Cloud obscures visibility 

Application performance and security are the two core concerns of any enterprise IT department. The former ensures effective operations and competitiveness; the latter ensures protection against a dynamic threat landscape. Cloud visibility is critical to both. Ninety-five percent of respondents to our survey had experienced either application or network performance problems because of cloud visibility issues, and 87 percent expressed concerns that a lack of visibility into cloud environments is obscuring security threats to their organization. 

Thirty-eight percent of participants cited insufficient visibility as a factor in application outages, and 31percent in network outages. Other issues, such as delays resolving a security alert (26 percent), problems with compliance (18 percent) and an inability to prevent security attacks (17 percent), underscore the significant consequences that respondents have experienced from a lack of cloud visibility. 

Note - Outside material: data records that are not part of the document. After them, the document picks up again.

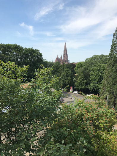 "Ettenheim liegt malerisch an einem Ausläufer der Berge des Schwarzwaldes. Von weitem her sieht man schon die Kirche emporragen, die auf einem Hügel am südlichen Ende der Stadt thront; sie ist hoch und weit, am Sonntag aber dicht besetzt von der frommen Gemeinde. Zur Zeit Karl Martells vom Bischof Etto gegründet, im dreißigjährigen Krieg vollkommen infolge einer Schlacht in nächster Nähe verbrannt, wurde sie nach einem einheitlichen, zweckmäßigen Plane wieder erbaut und zum Schutz mit Graben und Stadtmauer umgeben. Sie gehörte mit der Umgebung zum Bisthum Straßburg. Zwei Stunden davon im Osten war das Kloster Ettenheimmünster, von wo aus die Stadt mit Geistlichen versehen wurde. Zwischen Ettenheim und Ettenheimmünster ist die große Kirche St. Landolin, an der Stätte gebaut, wo in heidnisch=alamannischer Zeit ein Glaubensbote aus Irland den Märtyrertod erlitt. In dem nur eine Viertelstunde entfernten Altdorf zeigt man noch die Hütte, wo der fromme Mann sich aufhielt, ehe er in dem Urwald, wo jetzt ihm zu Ehren der prachtvolle Tempel steht, eine Einsiedelei sich erbaute. Der Jäger des nahen Grundherrn Giso soll dem Betenden das Haupt abgeschlagen haben. Da, wo das Blut des Glaubensboten floß, sprudelt jetzt eine Quelle, welcher Heilkraft für kranke Augen zugeschrieben wird; in der Nähe zeigt man die Trümmer von der Burg Gisos. Andere Glaubensboten vollendeten, was Landolin begonnen, und in der Nähe entstand das Benedictinerkloster Ettenheimmünster; als es aufgehoben wurde, war darin ein Gymnasium und eine Buchdruckerei. - Rings um St. Landolin stehen prachtvolle Buchenwälder, in welchen Enghien Rehe und Hirsche jagen konnte.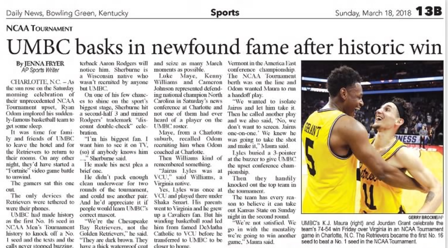 That was before NCAA tournament history was made. The school known by its four-letter acronym — with an undergraduate enrollment of roughly 10,000 students — became a household name overnight and busted brackets with one colossal Friday night upset.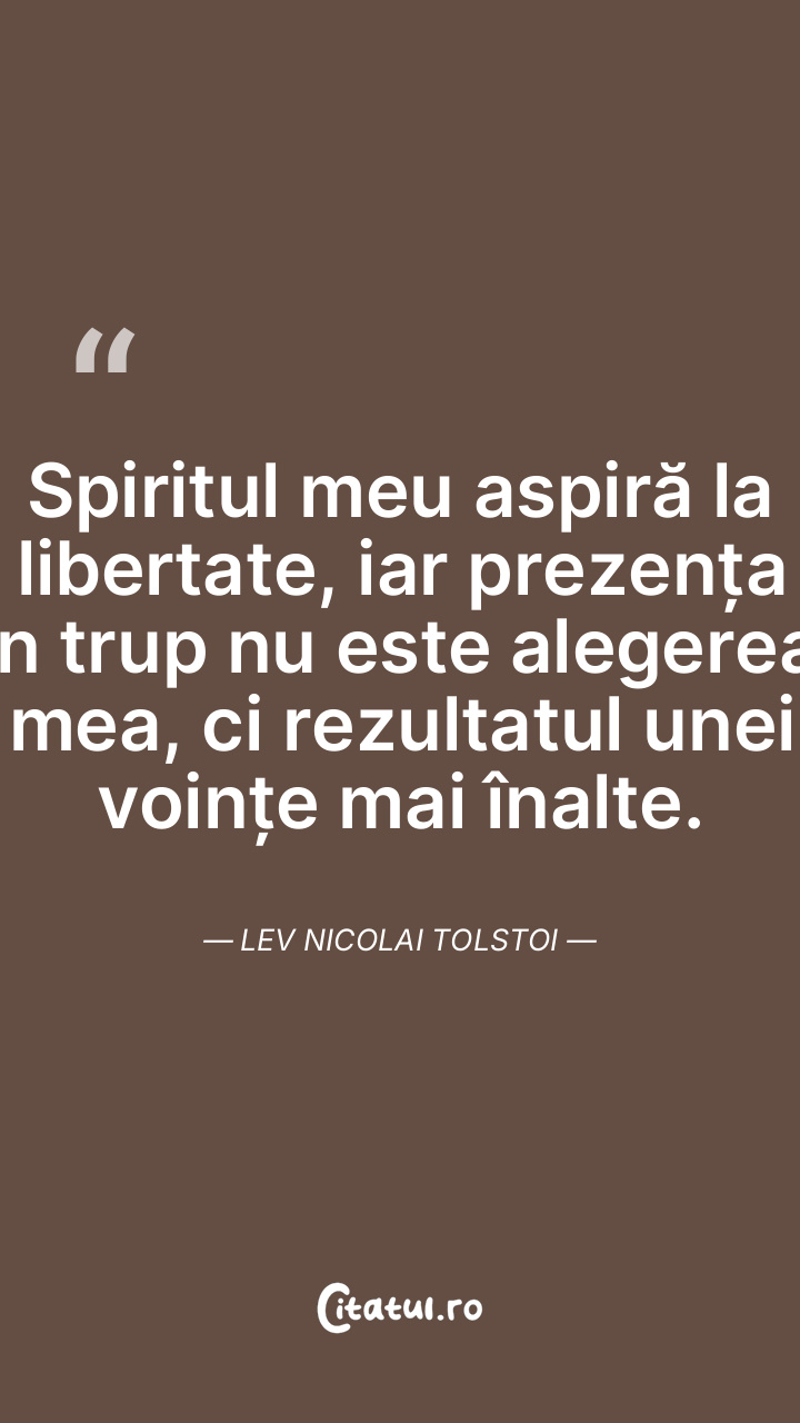 Spiritul meu aspiră la libertate, iar prezența în trup nu este alegerea mea, ci rezultatul unei voințe mai înalte. Lev Nicolai Tolstoi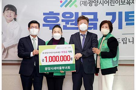 이번 후원금은 광양시 새마을부녀회 회원 일동이 지난 5월 지역 내 휴경지를 활용해 식재한 고구마를 10월에 수확해 판매한 수익금으로 그 의미가 깊다.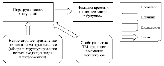 В ходе как общего, так и детального анализа ТМ-профиля каждый тезис анализа иллюстрируется схемой причинно-следственных взаимосвязей проблем и их источников (рис. 7.3).

So, it’s no surprise that 99 percent of respondents stated that comprehensive cloud visibility has direct value to their organizations. The leading benefit was monitoring and ensuring application performance (cited by 60 percent). Security was also key, with 59 percent noting the value of visibility for threat prevention and 57 percent for identifying “indicators of compromise.” Respondents also cited the ability to monitor every link in the network (56 percent), the ability to balance workload between monitoring tools (37 percent) and the ability to monitor encrypted sessions (32 percent). 

Getting a clearer vision 

However, getting in-depth visibility to clouds isn’t always easy. Fewer than 20 percent of the IT professionals we surveyed reported they had complete, timely access to data packets in public clouds. In private clouds, the situation is somewhat better, with 55 percent reporting adequate access. In contrast, 82 percent have the visibility they need in their on-premises data center. Obviously, the visibility challenge of public clouds needs to be met head-on. 

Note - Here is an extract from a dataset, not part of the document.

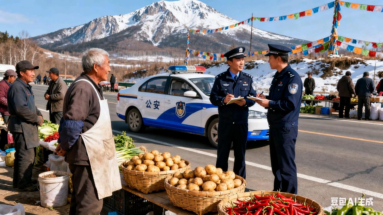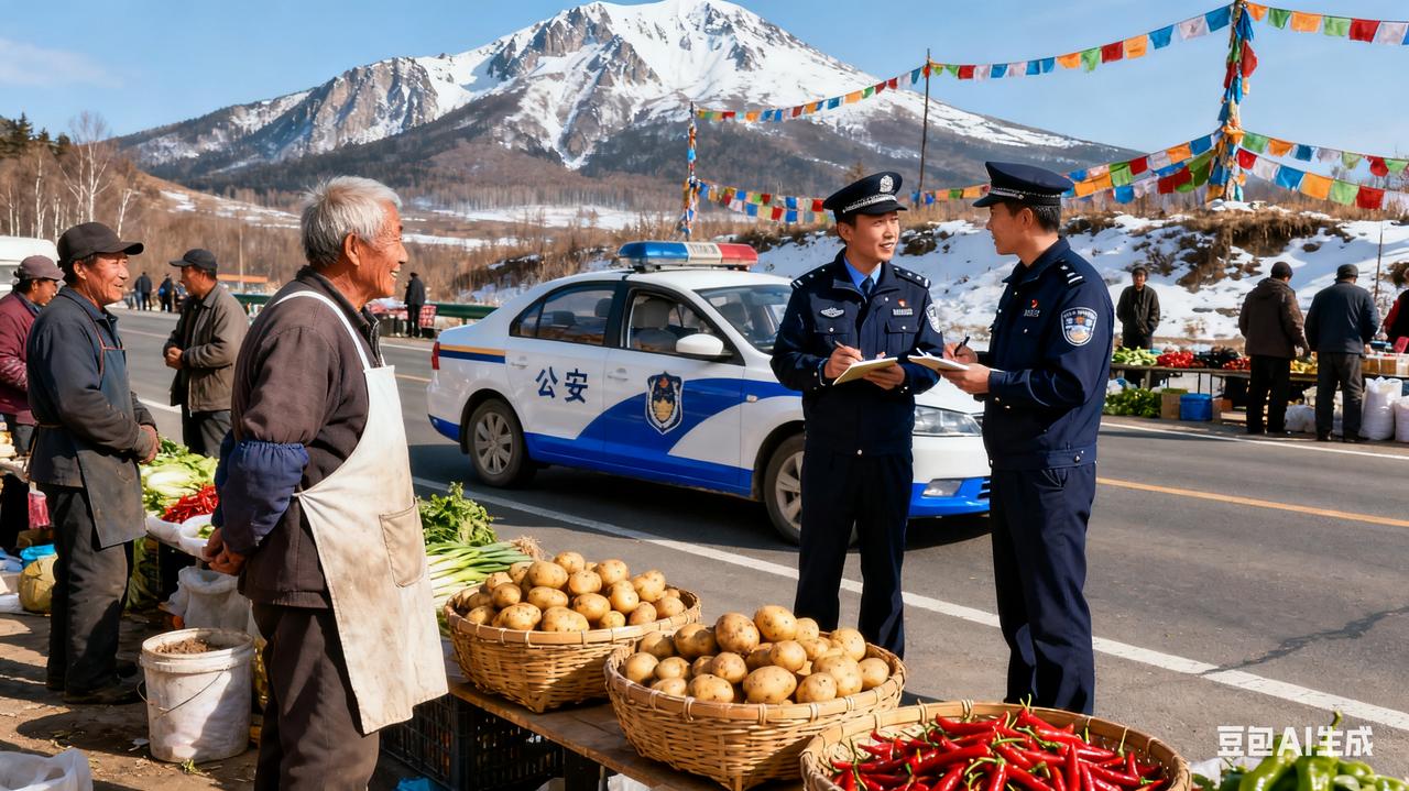 吉林长白县,火到人民日报!”男子去长白县旅游,看到路边有很多菜贩摆摊,突然一辆警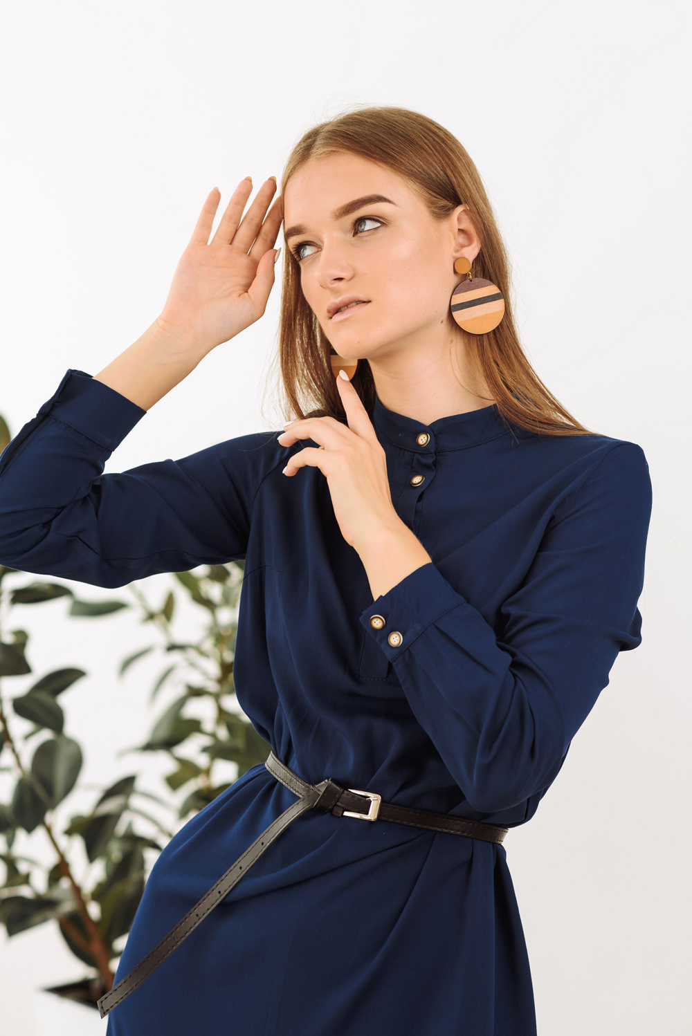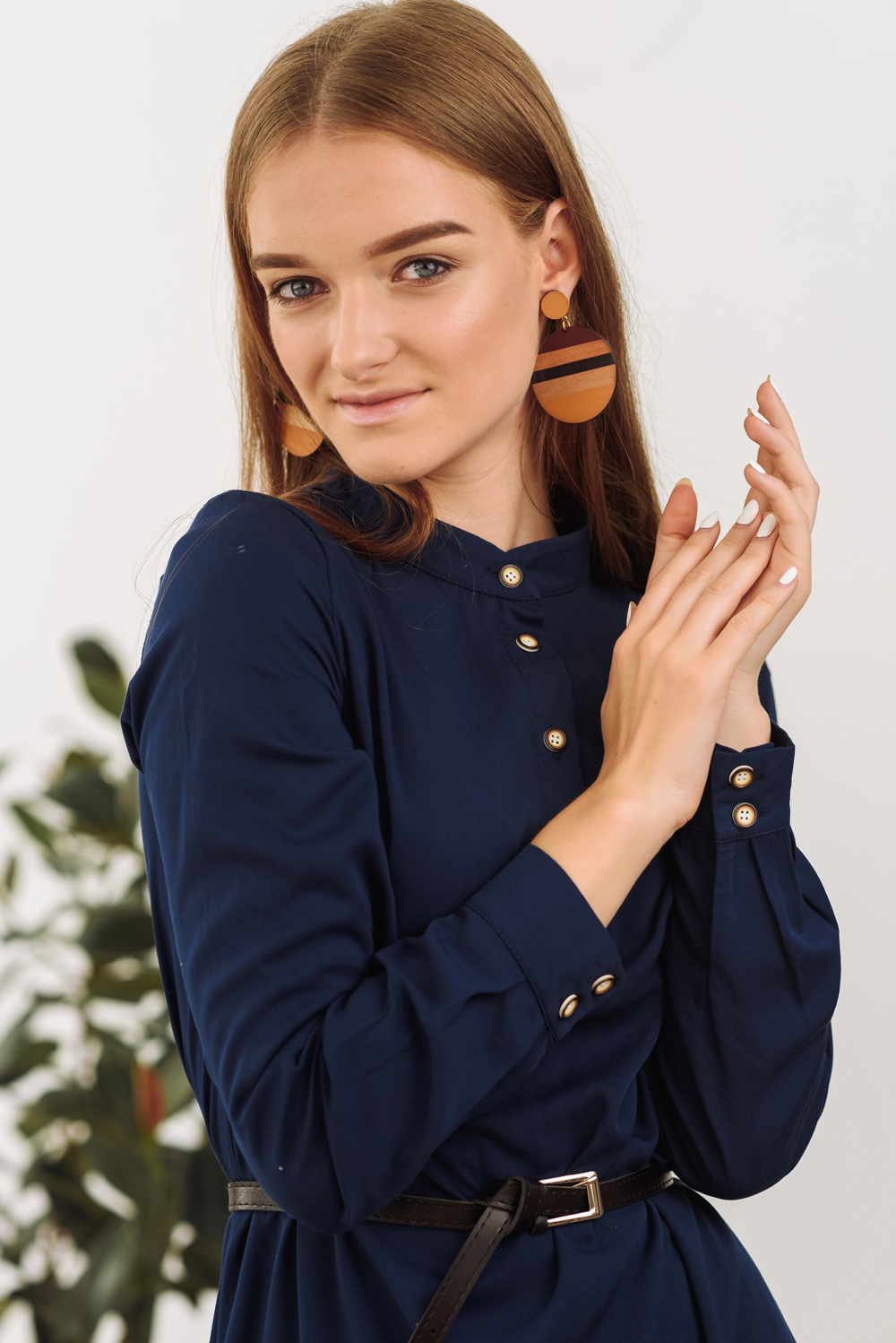 Длинное платье из коттоновой ткани. Спереди застегивается на пуговицы, на талии резинка. Длинный рукав с манжетами и пуговицами. Снизу по платью волан со сборкой. На поясе завязывается на съемный пояс в тон платью с наконечниками.

Nine out of ten respondents believe visibility to packet data is what is required for effective monitoring. Eighty-six percent said it was important for network and application performance monitoring, and 93 percent stated it was valuable for security monitoring. Visibility is not only critical for understanding and maintaining workloads but is also vital for maintaining a good customer experience and service levels.      

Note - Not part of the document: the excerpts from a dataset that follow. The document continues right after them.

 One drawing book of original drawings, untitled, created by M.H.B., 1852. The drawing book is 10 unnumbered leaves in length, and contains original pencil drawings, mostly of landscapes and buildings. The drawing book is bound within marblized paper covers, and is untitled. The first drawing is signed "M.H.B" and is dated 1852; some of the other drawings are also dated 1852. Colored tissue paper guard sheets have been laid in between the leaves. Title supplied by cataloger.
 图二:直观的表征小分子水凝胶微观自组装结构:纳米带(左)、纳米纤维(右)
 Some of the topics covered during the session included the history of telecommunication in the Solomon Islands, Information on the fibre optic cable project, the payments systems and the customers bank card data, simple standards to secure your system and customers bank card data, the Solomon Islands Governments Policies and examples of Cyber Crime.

Comprehensive cloud visibility is a must, not a nice-to-have 

As more applications and workloads migrate, organizations must focus more on managing application performance, documenting compliance, and maintaining security in their clouds. Claiming they can’t see what is happening in their clouds will carry no weight with an organization’s customers, board of directors, or auditors. But with the right approach to visibility, organizations can fully realize the benefits of the cloud, and eliminate the risks of storms caused by security breaches or poor user experiences.